This post is dedicated in memory of Etya Sarah bat Yitzchak ha-Levi. May it be an aliyah for her neshama.
You might have seen facebook invites to events entitled, "What you should know about Shmitta" or "How to prepare for Shmitta". These events are undoubtly helpful, but useless if you don't even know what is shmitta. Let us explain.
As stated in the Torah, "When you come to the land that I'm giving you and you will live in it, [there will be a] Shabbat for G-d. Six years you will sow your fields, six years you may tend your vines and gather your crops. And the seventh year will be G-d's Shabbat for the land, a Shabbat for G-d [so that] you can't sow in your field or prune your vines, it will be a year of rest of the land. It will be a Shabbat for the land and you can eat the produce...(Vayikra 25:1-6). It goes on to enumerate the rules relating to being able to eat from the land while not doing any real farm work on it.

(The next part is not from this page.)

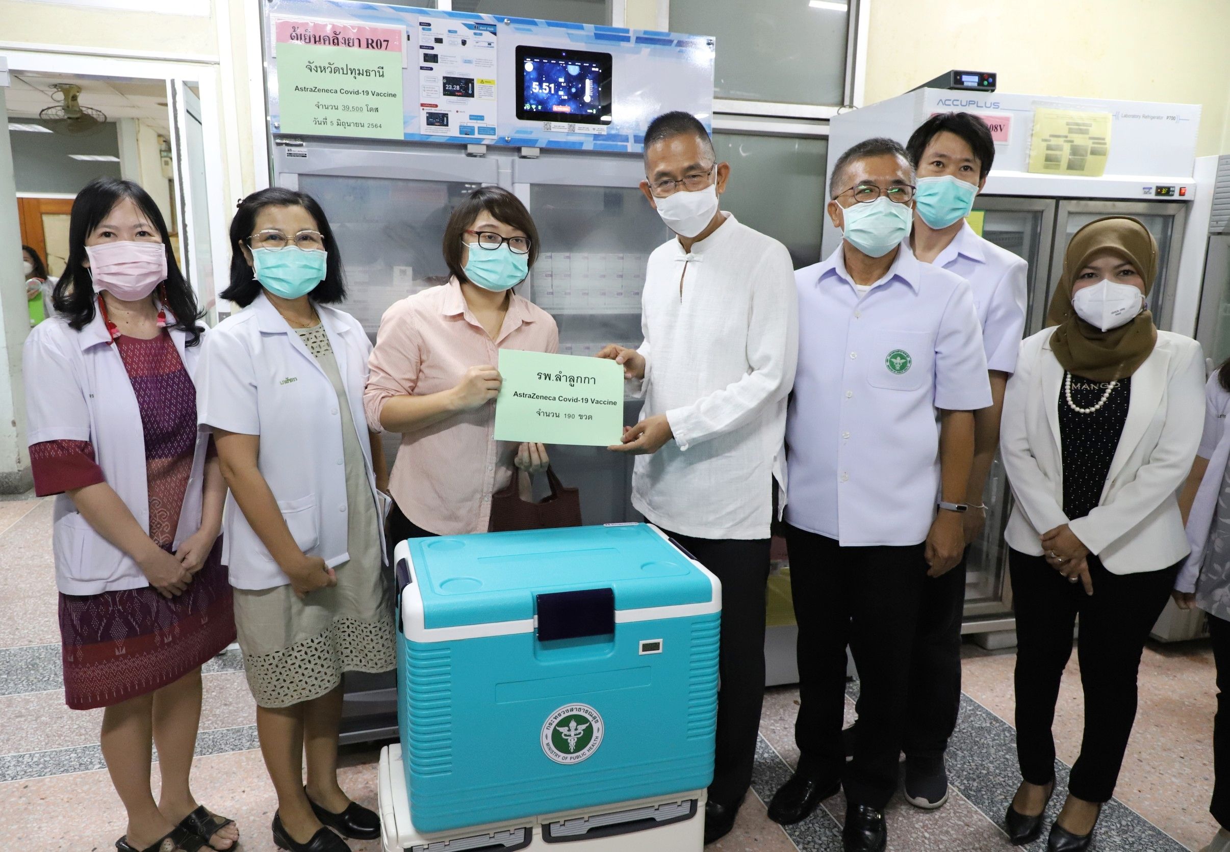 เมื่อเวลา 09.00 น. วันที่6 มิ.ย.2564ที่ โรงพยาบาลปทุมธานี นายชัยวัฒน์ ชื่นโกสุม ผู้ว่าราชการจังหวัดปทุมธานี พร้อมด้วยนายพิษณุ ประเภทธนานันท์ นายอำเภอเมืองปทุมธานี นายแพทย์สุรินทร์ สืบซึ้ง นายแพทย์สาธารณสุขจังหวัดปทุมธานี ส่งมอบวัคซีนป้องกันโควิด-19 แอสตร้าเซเนก้า (AstraZeneca Covid-19 vaccine) จังหวัดปทุมธานี จำนวน 39,500 โดส และ Sinovac จำนวน 9,380 โดส ให้กับกลุ่มผู้สูงอายุและผู้ที่มีโรคเรื้อรัง 7 โรคหลัก ที่ลงทะเบียนผ่าน “หมอพร้อม” โดยเริ่มฉีดในวันจันทร์ ที่ 7 มิถุนายน 2564 พร้อมกันทุกหน่วยบริการ ทั้งจังหวัด โดยมี นายแพทย์อภิชน จีนเสวก รองนายแพทย์สาธารณสุขจังหวัดปทุมธานี นายแพทย์ปรีดา ตั้งจิตเมธี รองผู้อำนวยการกลุ่มภารกิจด้านบริการปฐมภูมิ และหน่วยงานที่เกี่ยวข้องเข้าร่วมส่งมอบ
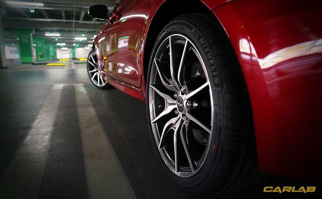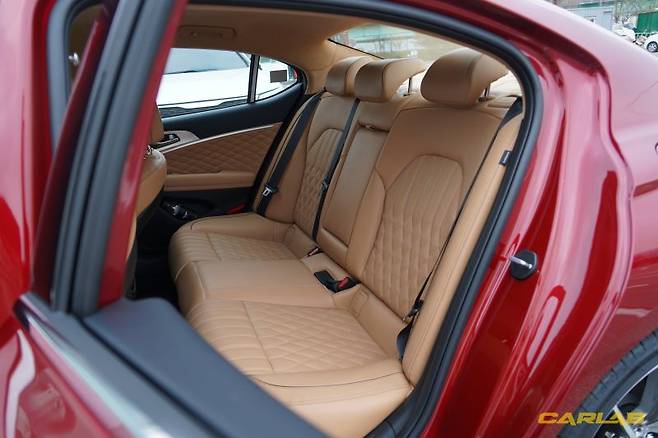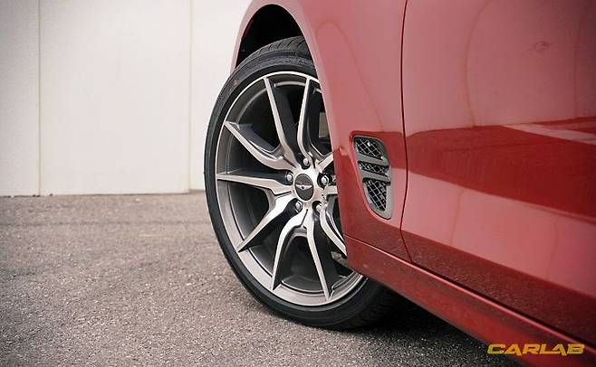 역동적인 차체 비율도 여전하다. 긴 보닛과 짧은 전방 오버행(범퍼 끝에서 앞바퀴 중심까지의 거리)은 후륜구동만이 가질 수 있는 특권이다. 가솔린 2.0 터보 모델에는 18인치 휠과 브릿지스톤 타이어가 기본 적용되지만 시승차에는 19인치 다이아몬드 컷팅 휠 및 미쉐린 타이어 옵션이 적용됐다. 18인치 휠도 차체에 비해 작은 느낌이 없고 69만 원이라는 추가 비용도 필요하기 때문에 휠 사이즈가 다소 고민될 수도 있겠다.

Some of the language might sound familiar to you - 'six years you may work but the seventh is for G-d'. It is a very similar structure for what we say every week at Kiddush - six days G-d worked creating the universe and everything therein, and on the seventh He rested. So to, do we treat the land. For six years we can work it, but the seventh Jews are commanded to let it lie fallow.
There are a few interesting things about this mitzvah. First of all, it only applies to land in Eretz Yisrael (one of the mitzvot that only applies when you are living in the land of Israel). Secondly, it only applies to Jews - if a non-Jew has a farm he is under no obligation to not work the land. Lastly, it's very notable that the idea of letting land lie fallow for a period of time is in such an ancient text - way before there were ever any agronomists or plant scientists proved that it was healthy for soil and crop production!
Since so many Jews now live in Eretz Yisrael, even though it's still disputed whether the majority of the world's Jews live here, shmitta has been observed to varying degrees in the State of Israel. It gets complicated and expensive buying fruits and vegetables every 7 years. People who are diligent about the laws of kashrut are careful to ensure they only buy from places that import their produce from out of the country. Some rely on produce grown in the Negev, since the southernmost part of Israel (south of Be'er Sheva) is not considered to be part of Biblical Israel). Hence, why the laws of Shmitta are on everyone's mind.
In addition to rule about crops, there is another part of the law, that unfortunately for anyone with a mortgage or credit card debt here is not in effect: the cancellation of debts. The Torah also says, "At the end of 7 years you will make shmitta. And this thing, the shmitta, will be released," (Devarim 15:1), and goes on to discuss the cancellations of debts (in various forms including indentured servitude). It's nice to know, that not only does the land get a break, but also those working to get out of debt and for a better life for themselves!